# trailer questions



## eshaw (Apr 8, 2018)

I've got a trailer that I bought used for use on my 16 foot all welded jon boat project that weighs in at 680 lbs., not a skinny minny. The jon can weigh anywhere from 1400 to 1500 lbs. depending on how I have it configured. My rear trailer support is directly under the transom and the bottom of the boat is supported by 4 bunks laid flat, they might extend past the transom an inch. No carpeting on the bunks, just some pads I bought from Bass Pro to go between the lumber 2x4s and the hull. There's a long shaft 40hp Yamaha 4 stroke for main power and on the port side of it is a 9.9 Mercury long shaft remote kicker. An aluminum truck tool box has been sunk into the rear bench seat and holds life jackets, running light, starter batteries for both motors and a tool pouch. Needless to say there's some weight back there! That doesn't include a full 6 gallon fuel tank. Up front is an elevated deck for my bow fishing habit and the steering is mounted to that as well as a 24v trolling motor. I also have a stand up console mounted to the front bench seat over what used to be a live well. The live well now contains two trolling motor deep cycle batteries and wiring. This sums up where all the weight comes from for the boat. On average that's 2130 lbs..

The tongue weight on the trailer is over 300 pounds and it may just be me but that seems on the heavy side. I've adjusted the trailer to sit level when hitched and that's how the tongue weight was determined. So giving 10%-15% tongue weight it should be 213-320 lbs.. 

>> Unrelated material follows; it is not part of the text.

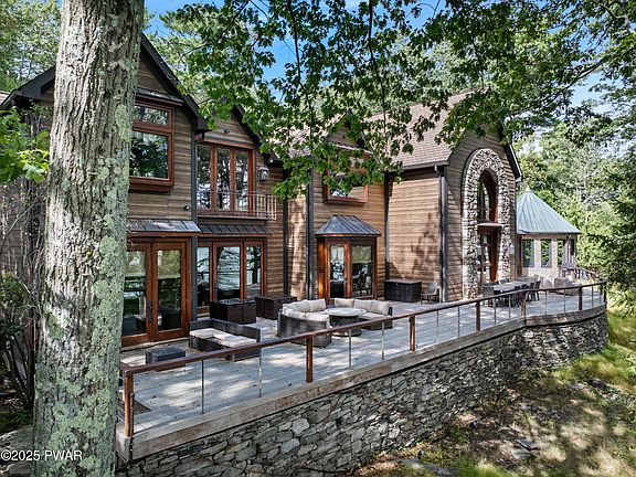 Boulder Point on Lake Wallenpaupack - A true lakefront masterpiece offering over 7,000 sq. ft. of luxury living.This remarkable home features 5 private bedroom suites and 5.5 marble-appointed baths, creating an elegant and comfortable retreat. The grand living room showcases soaring ceilings, a striking fireplace, and walls of glass doors opening to an expansive Trex lakeside deck--perfect for entertaining with unforgettable views.The chef's kitchen is a showstopper with an oversized island, sunlit dining nook, and top-of-the-line appliances. A formal dining room, office/den, and numerous thoughtful details complete the main level.Outdoors, enjoy nearly 200 feet of level, wooded lake frontage, ideal for peaceful mornings or evenings by the fire. An attached 2+ car garage, custom stonework, impeccable landscaping, a gated paver driveway, and additional parking add to the appeal.Privately situated in one of Lake Wallenpaupack's most prestigious communities, Boulder Point offers the ultimate combination of luxury, privacy, and lakeside living.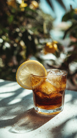 Refreshing glass of iced coffee with sunlit shadow of palm leaves. That the image is generated using AI.

Would any of you think this is something to delve into deeper or let it go? I've been kicking around the idea of sliding the axle forward some. I believe this would relieve some of the tongue weight but given the configuration of the trailer it would be a big PIA. The axle has been mounted to what appears to be a carriage made from HD angle iron so the whole thing would have to slide forward. Another thought I've been having is installing another axle under it so it's a tandem configuration but that's also a lot of work and a pricey alternative to me but it would also do away with the carriage or what ever you want to call it.

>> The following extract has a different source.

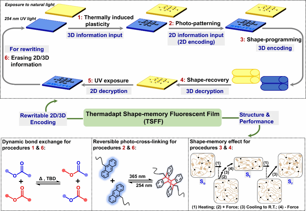 目前,荧光材料因其刺激响应变色特性而在信息防伪等领域受到广泛关注。然而,这种基于荧光图像可视性的信息防伪仅是二维加密,仍存在一定的信息泄露的风险。因此,将常规的二维加密与三维加密集成到同一体系中将有望提升信息存储的安全性。若能赋予二维与三维信息的可重写性,还将极大地提高信息材料的重复利用性。对此,西南交通大学周绍兵教授/谢辉副教授团队受到能够通过改变颜色和形状进行伪装的拟态章鱼的启发,开发了一种具有可逆荧光转变和热适性的形状记忆高分子材料,不仅实现了二维加密和三维加密的集成,还利用光可逆和热适性实现了信息的反复书写(图1和图2)。

Give me your thoughts and impressions, what would you do?


----------



## lckstckn2smknbrls (Apr 8, 2018)

Have you actually weighed your boat and trailer as it would be when towed? Is your tow vehicle and hitch rated for 300 pounds of tongue weight? It sounds like you have an adjustable axle. You could move it and see what your tongue weight is and see how it tows.


----------



## WV1951 (Apr 8, 2018)

Assuming you have an adjustable winch mount, I would first experiment with moving the boat back just a bit on the trailer since you have your trailer frame at the transom now. You could extend your bunks to match and then check your tongue weight. Every inch you move it will take weight from the tongue and add to the part behind the wheels, which will add up in a hurry. Might be surprised what only 6 inches will do. With four 2x4's as bunks, they would easily hold the transom weight, although remember that your rollers in the middle of the trailer support most of the boat's weight.


----------



## LDUBS (Apr 8, 2018)

I guess I'm scratching my head about your concern. If your target is 10% - 15% supported by the hitch ball, then isn't 300# OK as long as that doesn't exceed the maximum rating of your hitch. Of course that assumes your boat+trailer GVW is really 2130 pounds. If you want to be closer to 213# tongue weight, and you cannot practically shift gear towards the back of the boat, then I think WV'51 is right on the money - shift the boat back. I would move the axle as a last resort.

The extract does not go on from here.